1. Cannot SSH into NS1 and NS5 nodes, need to preserve data (PhD simulations)

Cannot SSH into NS1 and NS5 nodes, need to preserve data (PhD simulations)

Home Forums FPGAs in FABRIC Cannot SSH into NS1 and NS5 nodes, need to preserve data (PhD simulations)

Tagged: 

Viewing 3 posts - 1 through 3 (of 3 total)
  • Author
    Posts
  • #9188

    Hello,

    I am user daniloassis@utfpr.edu.br, working on the project “Vanets and Fanets simulations for research”.

    I have several slices/nodes in this project (NS1, NS2, NS3, NS4, NS5, NS6, NS7, NS8, NS9, Dados, etc.). Until recently, I was able to SSH into all of them normally using my current SSH key.

    However, now I can no longer log into nodes NS1 and NS5, while all the other nodes in the same project are still accessible with the same SSH configuration and key.

    The issue started after the workstation I use to access FABRIC had a crash in the graphical interface (desktop).
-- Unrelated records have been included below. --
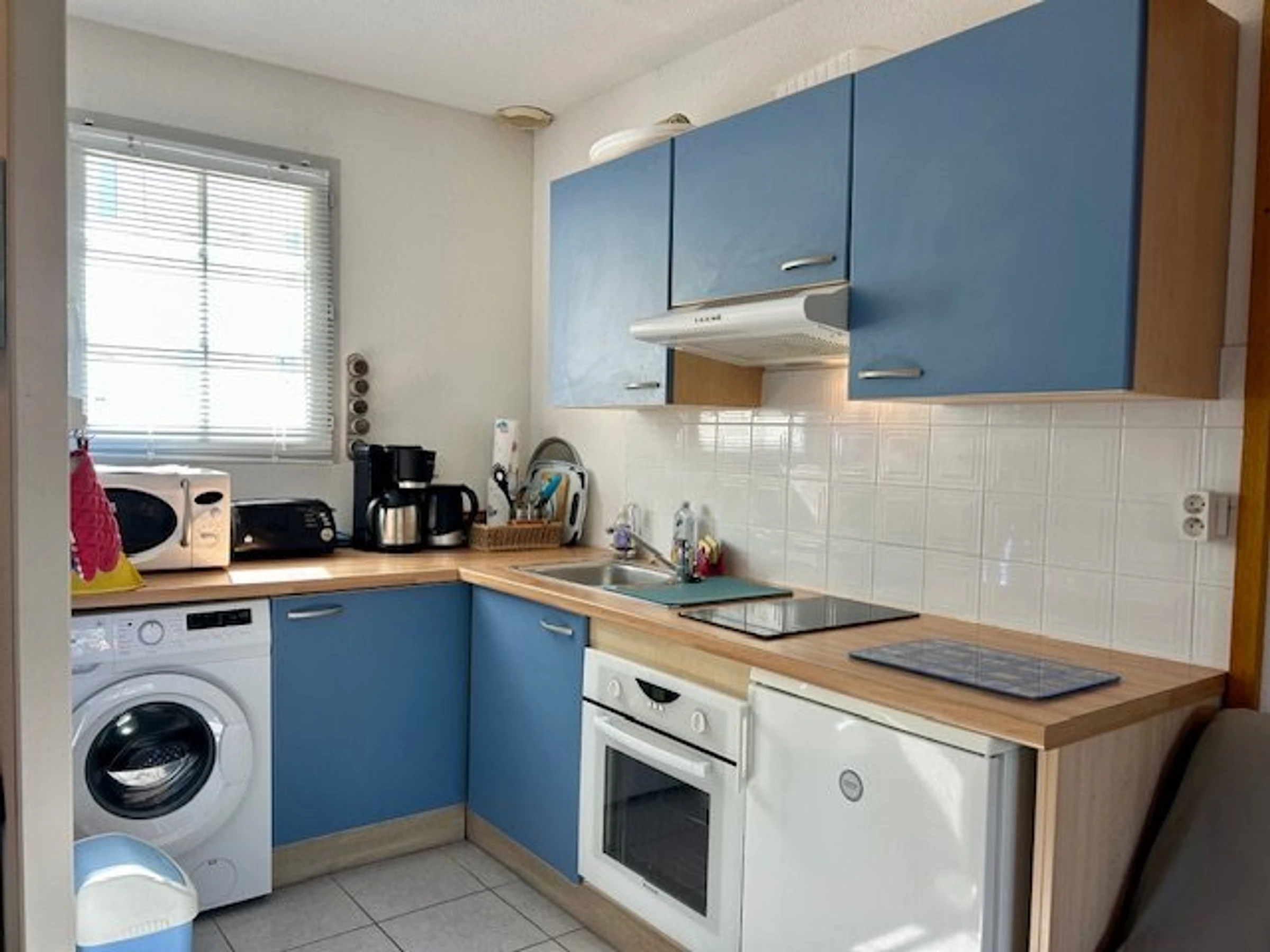 Composée d'une cuisine équipée avec réfrigérateur, une plaque vitrocéramique, un micro-ondes, un lave-linge ;
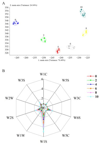 The experiment was according to the method from Zhu et al. [19] (PEN3, Germany). Briefly, a 15.00 g homogenized sample was placed into a 150 mL sterilized beaker and sealed the top. Then, the sample was equilibrated (10 min, 25 °C) to minimize sensor drift due to environmental changes [19]. The flush time, presampling time, and measurement time were 60 s, 5 s, and 70 s, respectively. Every sample was determined three times. Four replicates were completed for each group and then retained three stable sets of data. the statistically significant difference (p < 0.05) in the mean of each sensor was obtained by the least significant difference (LSD) test [19,20]. The detailed information of the 10 chemical sensors in E-nose is in Table S2.
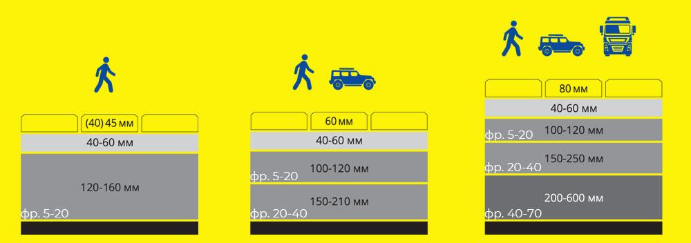 Виробники тротуарної плитки радять користуватися наступними міркуваннями при виборі товщини шару щебеню:
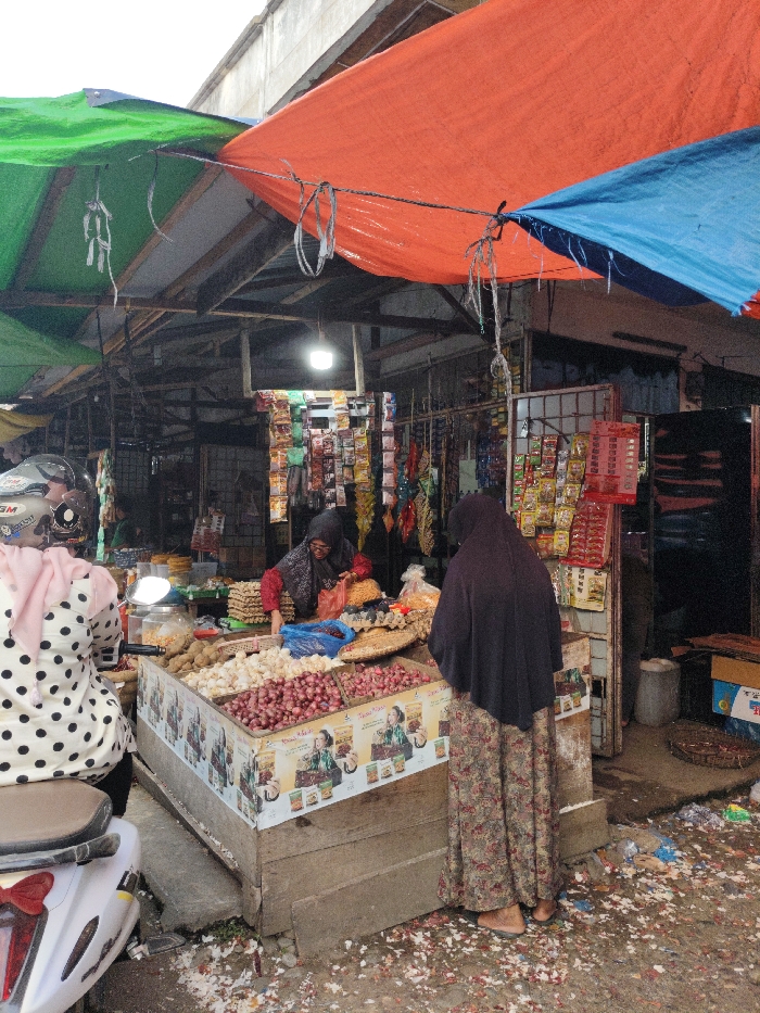 This image depicts an active open-air market stall in Wilayah Administrasi Gp
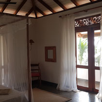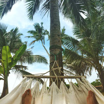 Es folgte eine herzliche Begrüßung durch die Gastgeber Claire, Paulina, Charlotta und Amal sowie eine Führung durch das kleine Paradies. Überall hingen Hängematten, direkter Zugang zum Strand und einen Blick auf das Meer – alles perfekt um die Seele baumeln zu lassen. Die Haushündin Nana und die zwei Katzen lagen friedlich im Schatten und schliefen. Wir hatten im ersten Stock ein wunderschön eingerichtetes, riesiges Zimmer mit umlaufendem Balkon und Blick auf Palmen und die rauschenden Wellen im Meer.

After rebooting my local machine, I was still able to SSH into the other nodes in the project, but NS1 and NS5 became inaccessible.

    When I try to SSH into one of the problematic nodes (for example NS5 at 2607:f018:110:11:f816:3eff:fefe:d0e9), I get the following error (with -vvv):

    Authentications that can continue: publickey
    Next authentication method: publickey
    Offering public key: /root/.ssh/silver ECDSA …
    Auth methods that can continue: publickey
    No more authentication methods to try.
    ubuntu@2607:f018:110:11:f816:3eff:fefe:d0e9: Permission denied (publickey).

    The same SSH key and configuration work correctly for the other nodes in the project (e.g., Dados, NS2, NS3, NS4, NS6, NS7, NS8, NS9).

    Additionally, when I run the addkey POA for my slices, it succeeds on most nodes but fails specifically on NS1 and NS5. The error messages are:

    For NS5:

    POA – 95a4f6ea-7516-4f92-b9e3-2a37134f6ecf/addkey failed with error:
    Exception during poa for unit: cfe0da27-fa20-4ee9-8087-3d4a7e7ba283
    msg Playbook has failed tasks: All items completed

    For NS1:

    POA – cd4bde74-7a9f-4ca6-aec7-0963ad7b47ce/addkey failed with error:
    Exception during poa for unit: b8a6f13a-667c-4bbf-b6c5-eba2a0eda936
    msg Playbook has failed tasks: All items completed

    These nodes contain important simulation data for my PhD research, so I cannot delete or reprovision NS1 and NS5, as I need to preserve the data stored on their disks.

    Could you please:

    1. Investigate why SSH public key authentication is failing only on NS1 and NS5, while it works on the other nodes in the same project, and why the addkey POA is failing for these two nodes; and

    2. Either:

    force-install my current SSH public key for user ubuntu on NS1 and NS5 so I can log in again, or

    attach/mount the disks of NS1 and NS5 on a new VM/slice so that I can recover and copy my simulation data.

     

    If you need more details (exact slice names, site names, or timestamps), I will be happy to provide them.

    Thank you very much for your help.

    Best regards,
    Danilo Assis
    UTFPR – PhD student

    #9189
    Komal Thareja
    Participant

      Hi Danilo,

      I found that the authorized_keys file on both NS1 and NS5 was empty, which is why SSH—whether through the admin key or the Control Framework—was failing resulting in POA/addKey failure. It seems this may have happened unintentionally as part of the experiment.

      I’ve manually restored SSH access so the Control Framework should now function properly, including POA. Could you please try adding your keys to these VMs again using POA? That should re-establish your SSH access.

      Please be careful not to remove or overwrite the authorized_keys file in the process.

      Best,

      Komal

      #9190

      Yes, I managed to connect. Thanks for your help.

    Viewing 3 posts - 1 through 3 (of 3 total)
    • The topic ‘Cannot SSH into NS1 and NS5 nodes, need to preserve data (PhD simulations)’ is closed to new replies.